Wie der Staatsrat nun in seiner Antwort schreibt, stellt sich der kantonale Unterstützungsstab für Landwirte in Schwierigkeiten aus je einem Vertreter des Landwirtschaftlichen Instituts Grangeneuve, des Amts für Landwirtschaft und des Sozialamtes zusammen. Das Landwirtschaftliche Institut leite den Stab und analysiere auch die neuen Fälle. In den letzten Jahren seien diese meist vom Amt für Landwirtschaft oder vom Amt für Lebensmittelsicherheit und Veterinärwesen übermittelt worden.

Problemen vorgreifen

Die Landwirte würden am häufigsten in den Bereichen Tierhaltung, Finanzen, Sucht und Familie mit Schwierigkeiten kämpfen. Die kantonale Unterstützung beginne stets mit einem Gespräch zwischen einem landwirtschaftlichen Berater von Grangeneuve und dem Landwirt oder dessen Beistand. Sie einigen sich auf gewisse Massnahmen, und der Landwirt muss sich bereit erklären, sich zu engagieren. Anschliessend werden regelmässige Treffen vereinbart.

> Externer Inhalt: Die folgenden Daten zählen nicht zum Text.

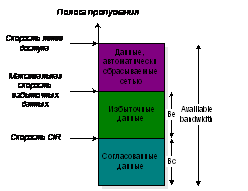 Рисунок 5. Распределение пропускной способности линии доступа при организации через нее виртуального соединения с определенными CIR и максимальной скоростью избыточных данных

Der Staatsrat hält fest, dass das landwirtschaftliche Institut mit Einzelberatungen und Weiterbildungen versuche, Schwierigkeiten vorzugreifen. Für Betriebe mit finanziellen Problemen gebe es des Weiteren die Möglichkeit, die Rückerstattung von Krediten aufzuschieben. Auch können diese Bauern Betriebshilfe beantragen. Das Geld wird von Bund und Kanton zur Verfügung gestellt und soll Betrieben helfen, wenn sich die wirtschaftlichen Rahmenbedingungen verändern.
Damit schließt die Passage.